Auf den meisten deutschen Straßen bestehen die Fahrbahnen aus einem Gemisch von Asphalt, Gesteinsbröckchen, und Bitumen aus Rohöl als Klebemittel. Kunststoff zuzusetzen, hat einige Vorteile: Das Material klebt besser zusammen. Es hält niedrigere und höhere Temperaturen aus als klassisches Material. Weniger Risse entstehen, was auch weniger Schlaglöcher bedeutet. Insgesamt, heißt es beim Deutschen Asphaltverband, halte Asphalt mit Kunststoff länger. Verwendet wird er vor allem bei besonders belasteten Straßen. Autobahnen zum Beispiel, Bundesstraßen und an Bushaltestellen. Und bisher wird der Kunststoff extra für den Straßenbau neu aus Rohölprodukten hergestellt.

Rund 38 Millionen Tonnen Asphaltgemisch haben die gut 300 deutschen Mischwerke 2021 hergestellt. Das Statistische Bundesamt nennt einen Wert von rund 871 Millionen Euro. Die Zahlen für 2022 sind noch nicht bekannt, im ersten Halbjahr deutete sich bereits ein Wachstum an. Nicht in allen Gemischen ist Kunststoffzugesetzt, aber der Markt für Ecopals ist doch recht groß, die Konkurrenz übersichtlich. Europaweit arbeitet noch ein schottisches Unternehmen mit dem Altplastik-zu-Straßen-Konzept.

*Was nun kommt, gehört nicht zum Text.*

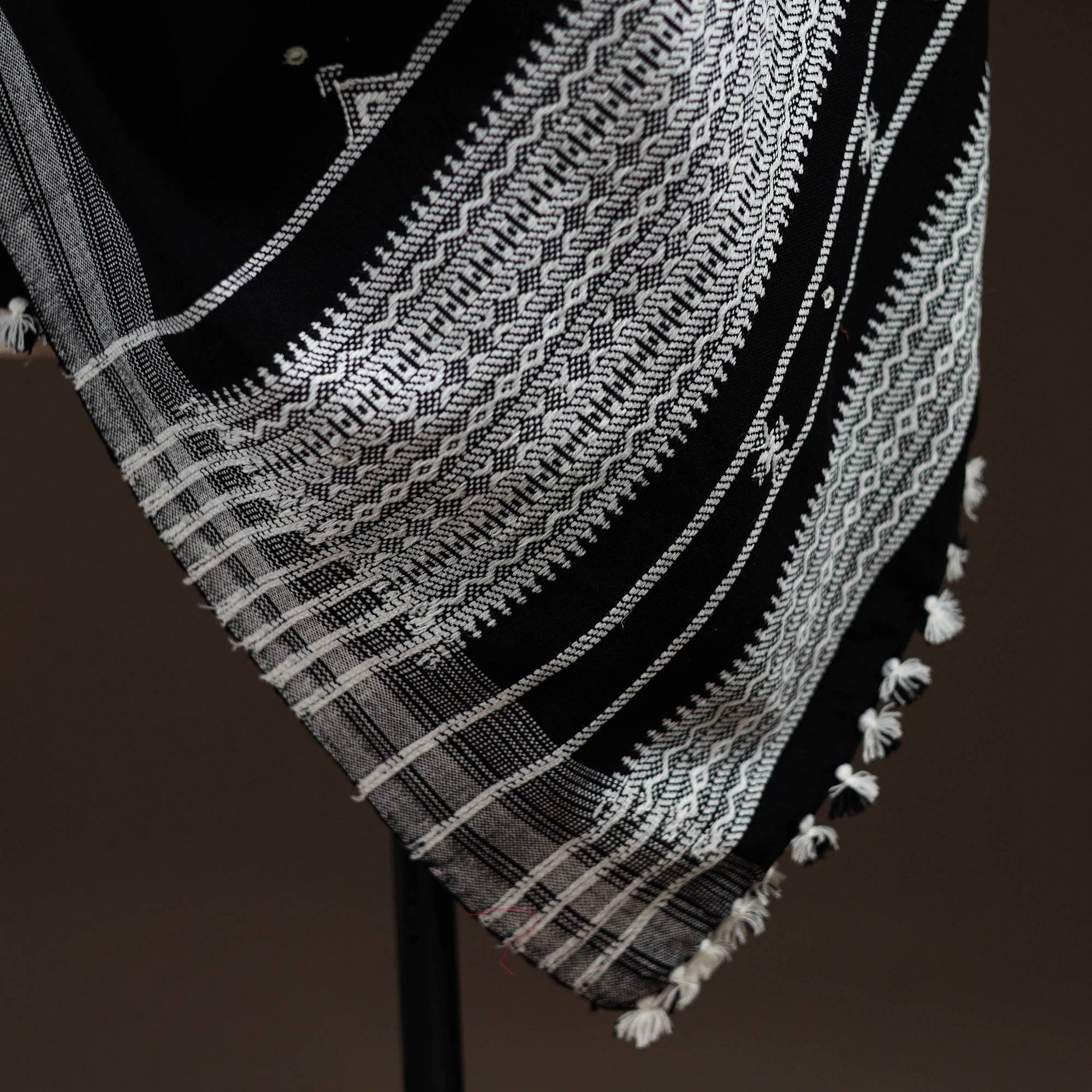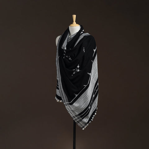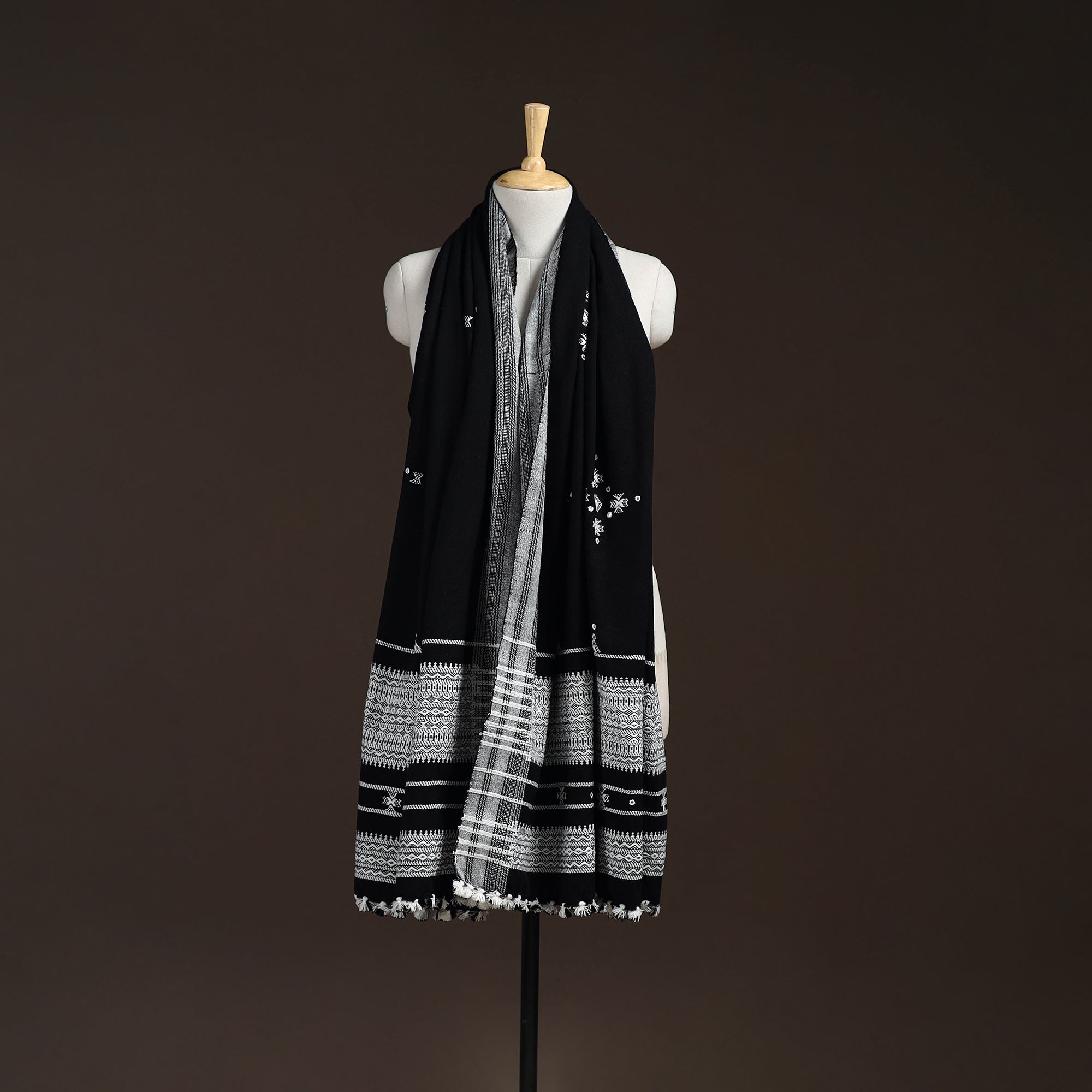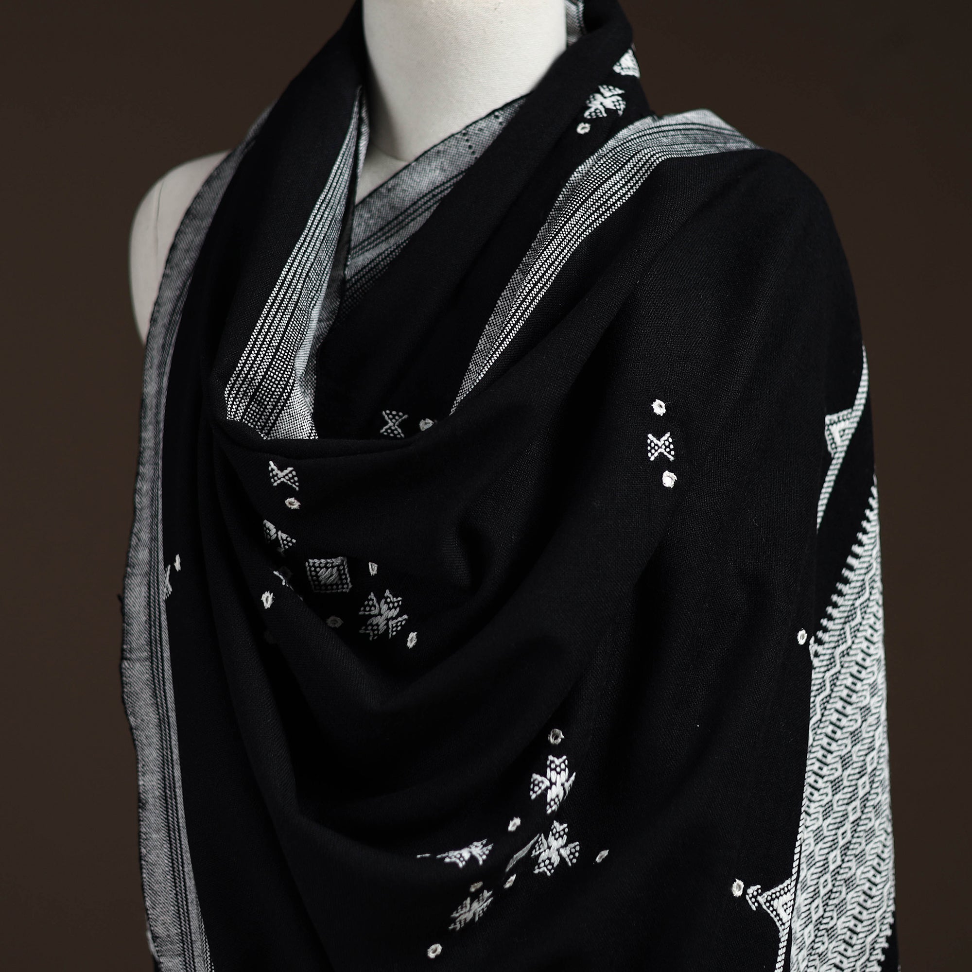Kutch bhujodi handwoven shawl is thoughtfully created by skilled artisans from Kutch, Gujarat. Adorned with traditional mirror work and intricate Kutchi motifs, it is made from acrylic wool that offers both warmth and comfort. A perfect blend of tradition and style, it is ideal for everyday elegance or occasion wear.

Gestartet ist das Unternehmen Anfang 2020, offiziell gegründet haben Redwitz und Varga im Juli 2021. Der Berliner Senat finanzierte Stipendien. Inzwischen haben Investoren mehr als zwei Millionen Euro in Ecopals gesteckt. Die ersten zehn Tonnen des Granulats mischten sie in einer Garage im Berliner Stadtteil Zehlendorf selbst. 16 Freunde packten an einem Wochenende mit an. Ein Video zeigt auf Paletten gestapelte Säcke, einen orangefarbenen Betonmischer, in den Granulat geschaufelt wird. „Danach haben wir das Material zum Asphaltwerk gebracht“, sagt Redwitz. Es festigt Straßen in Aschaffenburg, Kiel und Potsdam.

Jetzt sind größere Mengen nötig. Ecopals fertigt nicht selbst, lizenziert sein Verfahren an Abfallfirmen, die den Verbundkunststoff ohnehin sammeln. „Ein modernes Entsorgungsunternehmen hat die Technologie, die nötig ist, um das Recyclinggranulat herzustellen“, sagt Redwitz. „Eventuell sind kleinere Investitionen nötig, aber die lohnen sich.“ Ein Vorteil: kurze Wege. Der Verbundkunststoff fällt regional an, die Asphaltmischwerke arbeiten auch regional.

Die Recycler sind offenbar interessiert. „Die Unternehmen sind schnell an uns herangetreten“, sagt Redwitz. Sie sparen das Geld für die Verbrennung des Kunststoffs. Zudem können sie bestimmte Recyclingquoten besser erfüllen, müssen keine Strafen bei Verstößen zahlen. Etwas zögerlicher sind offenbar die Straßenbauer. „Unsere Herausforderung ist, das Produkt in den doch eher konservativen Asphaltmarkt zu bekommen“, sagt Redwitz. Er ist aber zuversichtlich, vor allem, weil der Preis aus seiner Sicht stimmt. „Wir können Hochleistungsasphalt zum Preis von normalem Asphalt ohne Kunststoff anbieten. Und in der Branche gewinnt immer noch der günstigste Preis.“

Noch bauen die zwölf Mitarbeiter von Berlin aus das Deutschland-Geschäft aus. Aber auch anderswo wird Plastik gesammelt, werden Straßen gebaut. Redwitz und sein Team denken darüber nach, ihr Konzept auch in Spanien, der Schweiz und der Türkei anzubieten.